The main sign for Oriole Park at Camden Yards won't be hoisted into place for another six weeks, but already its new design has received a rave review from the state's No. 1 baseball fan -- Gov. William Donald Schaefer.

Frank Traynor, Schaefer's press secretary, said yesterday that the governor is "very, very pleased" with the sign.

"He's very satisfied and hopes the fans will like it," Traynor said.

The new design, created by David A. Ashton, a Baltimore graphic designer, will display the ballpark's name clearly and simply -- just the way the governor wanted it.

It will be composed of three lines and two letter sizes. "Oriole Park" and "Camden Yards" will appear in 3 1/2 -foot letters. Between them will be a word insisted upon by the governor -- "at," spelled out in 15-inch script characters.

These are not your standard waist-high letters. All 22 pieces -- 21 letters and "at" -- are being created from stainless steel by Tom Moore, a blacksmith who is pounding, welding and polishing them in his three-man shop just over the Maryland line in Glen Rock, Pa. The cost of the letters, including erecting them on a truss above the main entrance, is $50,500.

This is not the first design for the sign, which will hang above the ballpark's main entrance.
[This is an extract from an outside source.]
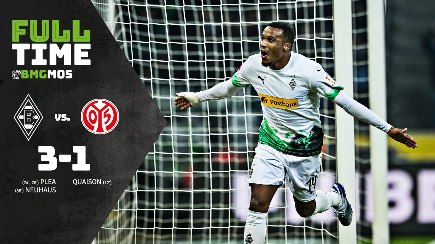 За 15 минут до конца встречи хозяева взяли инициативу в свои руки и «ноги» и вышли вперед. И снова Алассан Плея оказался на мяче после отличного навеса в штрафную от партнера по команде. Исход матча решил взять на себя Флориан Нойхаус, забив очень красивый мяч. Флориан решил переиграть вышедшего из ворот голкипера «Майнца» высоким ударом в сторону ворот. Робин Центнер успевал, но чуть раньше выпрыгнул и в прыжке лишь черканул мяч. Но стоит по достоинству оценить его игру в начале этого момента, когда он отлично сыграл на выходе. Увы, в таких турнирах ошибки не прощают и не щадят. Что и продемонстрировал «Майнц».

Three months ago, the stadium authority briefly considered a design that would have displayed "Oriole Park" in 6-foot neon letters, relegated "Camden Yards" to 3 1/2 -foot characters and omitted the "at."

The design, which was rejected by the stadium authority, wasn't a big hit with Schaefer, either. He'd favored "Camden Yards" as the name for the new ballpark before agreeing to incorporate his choice and the favorite name of Orioles owner Eli S. Jacobs. After reading about the proposed design, Schaefer informed stadium authority officials that both names should be given equal billing on the main sign -- and that "at" be restored.
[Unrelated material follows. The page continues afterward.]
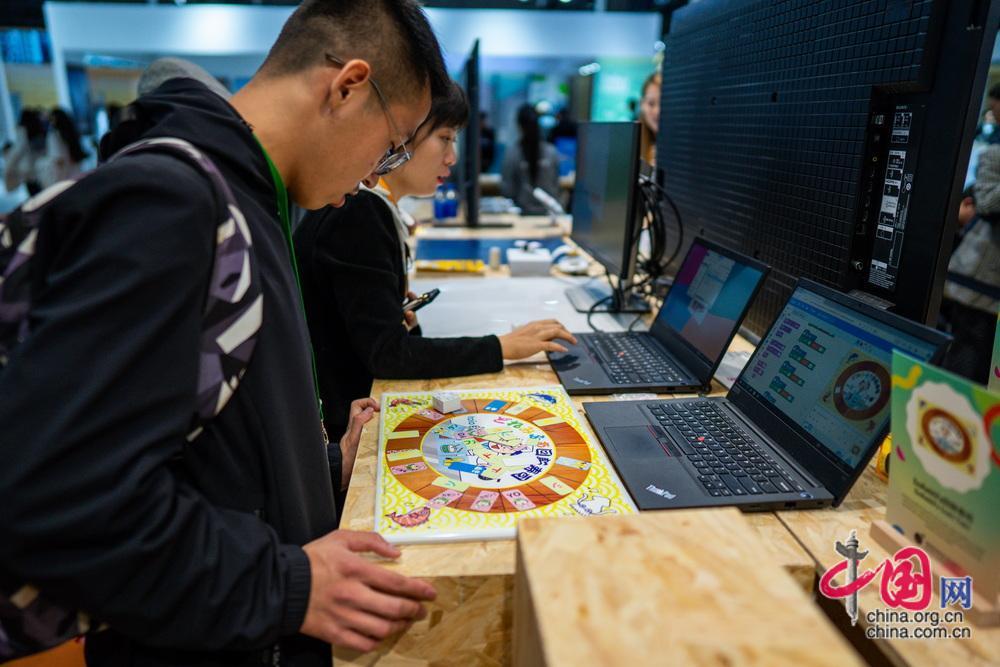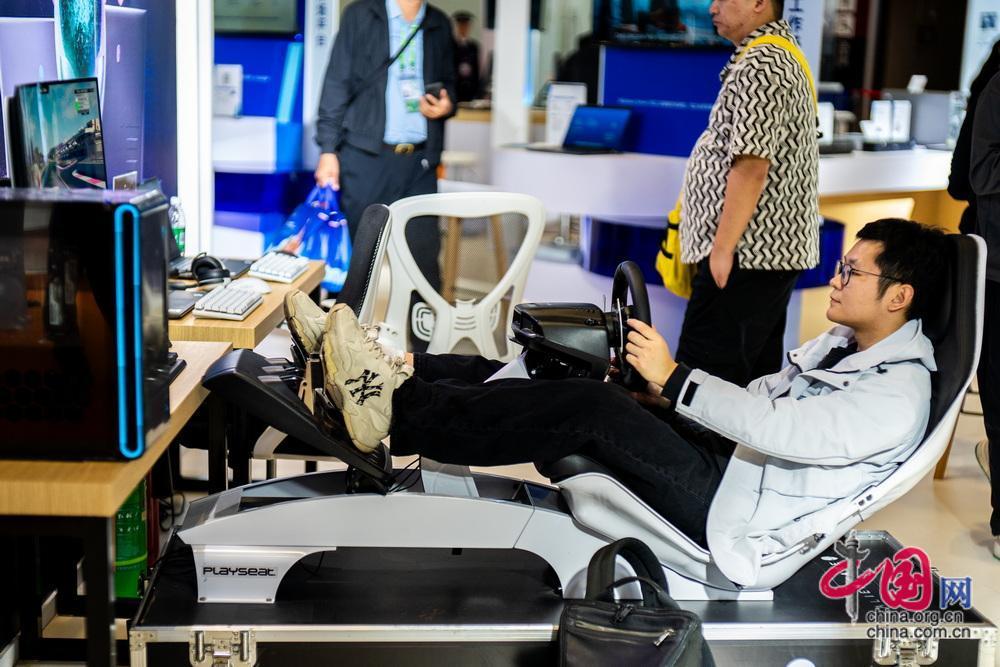 展區(qū)體驗模擬駕駛游戲。中國網(wǎng)記者

The new design does that. It also has the look of a traditional ballpark sign, will fit in the space set aside for the name and is af

fordable -- all requirements of the ballpark's planners.

The biggest victory may be that the letters are stainless steel, Orioles and stadium authority officials said.

At first, the officials were not sure they could find a craftsman who would undertake the job. Then, they were concerned that they would not be able to fit the cost of the stainless steel letters into their sign budget.

One option considered was making the letters of a Styrofoam-like substance that would have been repainted after several years -- a possibility the Orioles chafed at, according to team vice president Janet Marie Smith.

"From an aesthetic point of view, we never perceived [the foam letters] as a viable alternative," said Smith, the team's chief liaison to the ballpark project. "We felt very strongly about using real materials on those letters."

Stadium authority executive director Bruce Hoffman said stainless steel also made sense because it does not rust, chip or peel -- unlike other materials considered for the letters.

The metal letters also were a preference because they may evoke memories of Memorial Stadium, which has stainless steel letters pinned above its main entrance.

"It's symbolic of those letters, which we think is important," Hoffman said.

Still, stainless steel only became a viable option when the ballpark planners found Moore, whose blacksmith shop is set amid farms, on a gravel road, across the street from grazing cattle.

Ashton, the sign designer, knew of Moore and approached him about the job. Moore agreed to consider it and made a sample stainless steel "I" that impressed Orioles and stadium authority officials. Since he was awarded the job last month, his shop has worked only on the letters. Last week, Moore said, he logged 70 hours.

As of Monday, Moore had completed bending and welding seven letters. Although his agreement with the stadium authority gives him until March 9 to finish the work, Moore said he expects to be completed by the end of February.

He said he has thought about what might happen if the letters were not finished by Opening Day. But Moore, a 46-year-old former high school industrial arts teacher, said he doesn't like to think long.

"If we don't get it done, there are going to be a lot of people down there who won't understand," he said. "They'll want to chain me to that sign bracket 100 feet in the air and let the crows pick my eyeballs out."